Ordinarily we take any porn star’s claims that they had sex with a legitimate celeb with a grain of salt, but this is Lindsay Lohan we’re talking about, so who can say? Infamous sky-diving porn star Alex “Voodoo” Torres claimed on a Toronto radio show that Lindsay paid him for sex while Michael Lohan was sleeping upstairs. Ew. We’re going to go ahead and assume this isn’t true, if only for the sake of our sanity.

4. Skrellie

“Anything Could Happen” ― even this. The two very different musicians split amicably this fall after dating for a year. Yet somehow between these two, it’s Skrillex who has all the Grammys?

3. Marilana

This didn’t end up being a thing. But what if it was? The gloom-pop goddess and the shock-rocker were photographed together early this year, prompting speculation that they were an item. We imagine their favorite activities as a couple would be walking forlornly in the rain, fornicating in pet cemeteries, and crying in the dark.

2. Nobbi

Losing her mother had to be tough, and in times of need, it’s perfectly acceptable to turn to your adoptive brother for a shoulder to cry on.
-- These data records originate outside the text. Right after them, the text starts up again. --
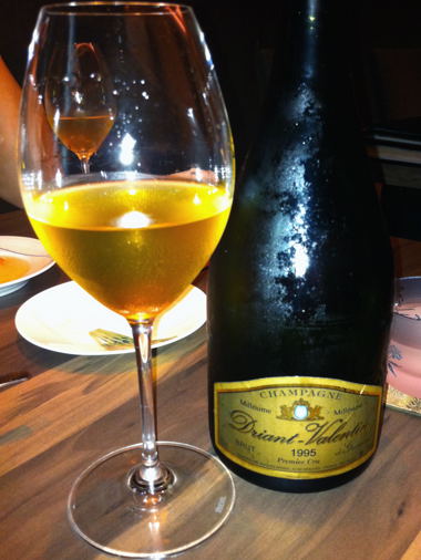 先日友人から某ワインバーのマスターの誕生祝いに凄いワインを開けるので一緒にどうか、とのお誘いが有ったので早速行って参りました。携帯のワンセグで日韓戦を観戦しつつ、まずはお店の泡で乾杯。今が飲み頃でマスターお薦めの銘柄を幾つかピックアップして貰った結果、選んだのがこれ↓。DRIANT-VALENTIN BRUT MILLESIME 1ER CRU 1995実に見事な黄金色。蜂蜜にアップルバター、ブリオッシュなどの熟成した香がバッチリ。甘みと仄かな苦みがアクセントになった味わいは、やや重めで熟成感が出ていますが、ひねた感じが全く無く綺麗に年を重ねた印象。暑い時期に飲むにはややヘビーですが、熟成した泡を手頃に楽しむに良くできたシャンパーニュです。そして早々にメインのご登場。銘柄は当日まで内緒でブラインドで供されたのですが、これがとにかく凄かった!エッジは綺麗なオレンジですが、中心部は透明感が有りながら深いルビー色。グラスから溢れんばかりのバラ、苺、モカ等の華やかで妖艶な様々な香と、苺、ハーブ、干しイチジク、カラメル等々の複雑で若さと熟成感を持ったシルキーかつ凝縮した味わいは完璧なコンディションと熟成度で、銘柄は分からずとも誰が飲んでも偉大なワインで有ることは一目瞭然。そしてそのワインとは・・・Richebourg 1976 Domaine de la Romanee Conti答えを知ってしまえば凄くて当然ですが、飲み頃かつ完璧な状態のDRCに出会えるなんてワイン好きとってこれ以上の幸福は無いでしょう!まさに至福の時を過ごすことができて、友人には感謝の一言です。少し飲み足りなかったので、グラスで↓の銘柄を頼みました。Bourgogne Blanc La Tufera 2008 Domaine Etienne Sauzetリシュブールのフラッシュバックが凄すぎたので印象はかなり薄いですが、2008年の割には酸が綺麗で緩さが無い良くできたレジオナルでした。最近の高騰振りから購入を半ば諦めているDRCですが、こう言うのを飲んでしまうとお金も無いのに欲しくなってしまうのが困りものです。(笑)
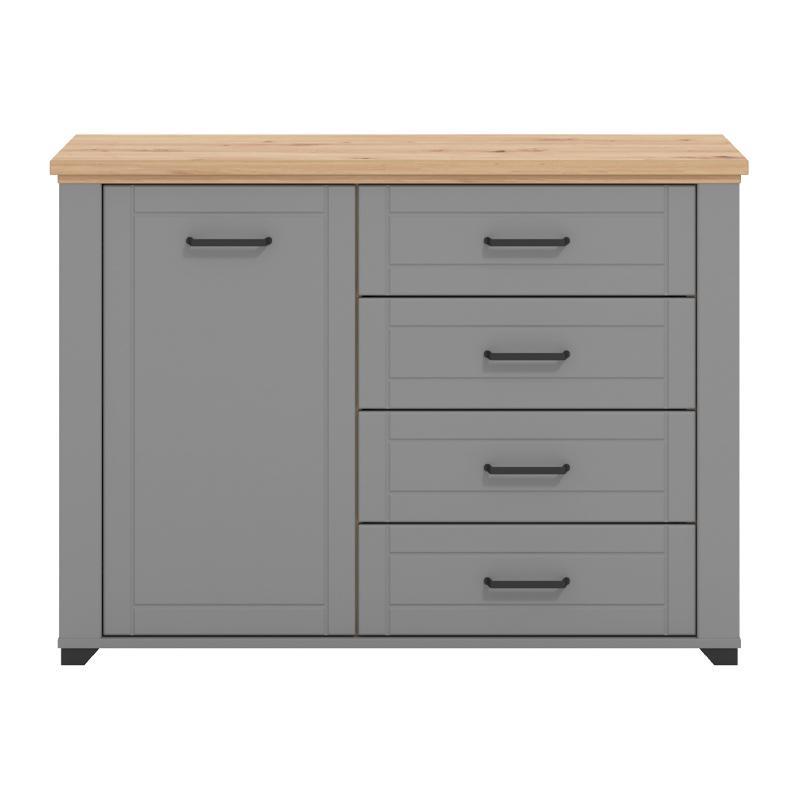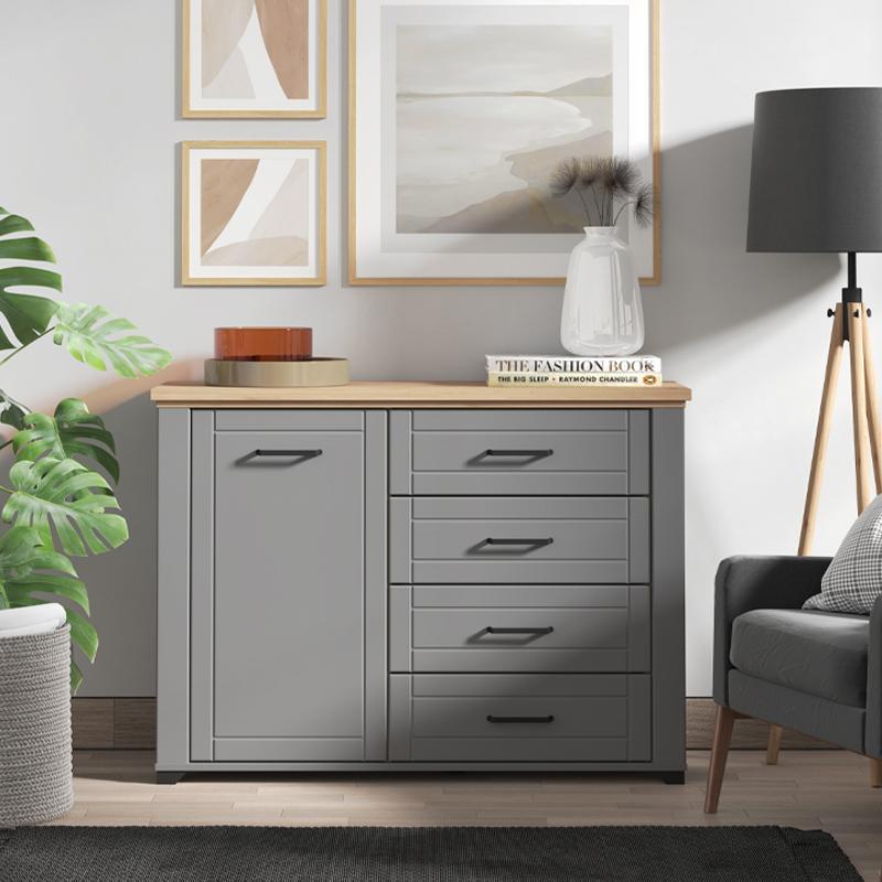 Η κομότα Valencia της ομώνυμης συλλογής είναι η ιδανική προσθήκη για κάθε σύγχρονο χώρο. Εργονομικά σχεδιασμένη, συνδυάζει πρακτικότητα και στυλ, και μπορεί να τοποθετηθεί σε οποιονδήποτε χώρο του σπιτιού, όπως το υπνοδωμάτιο, το σαλόνι ή τον διάδρομο. Ο σχεδιασμός της με γκρι του γραφίτη και artisan oak χρώματα, σε συνδυασμό με την γκρι μελαμίνη και την επίστρωση ματ επιφάνειας σε MDF, δημιουργεί μια ζεστή και κομψή ατμόσφαιρα, ιδανική για ένα ευχάριστο και διαχρονικό αποτέλεσμα.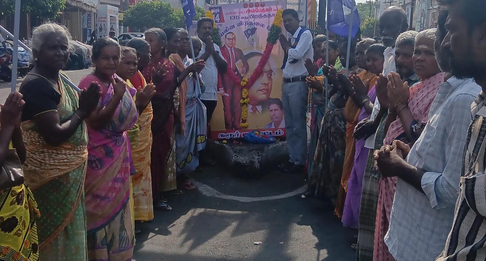 கரூர் மாநகர மனோகரா கார்னர் அருகில் காமராஜர் சிலை முன்பு சட்டமேதை டாக்டர் அம்பேத்காரின் 135 வது பிறந்தநாள் விழாவை பட்டியலின விடுதலைப் பேரவையின் சார்பில் திருவுரு படத்திற்கு மாலை அணிவித்து, மலர்தூவி,மரியாதை செய்தனர்.

But not a shoulder to nibble on! Bobbi Kristina and Nick Gordon's short-lived engagement has been called off, which is bound to make family gatherings preeeetty awkward from here on out.

1. Chrihanna

Rihanna and Chris Brown getting back together would have been a tasteless punchline back in 2009. Now, it’s reality. We’re not sure about the status of their relationship, but they’ve spent a lot of time both working and playing together, often without all of their clothes on. How could a woman who seems so liberated and powerful in some ways become best known for playing the battered housewife role?

Which 2012 pairing had you saying, "Huh?"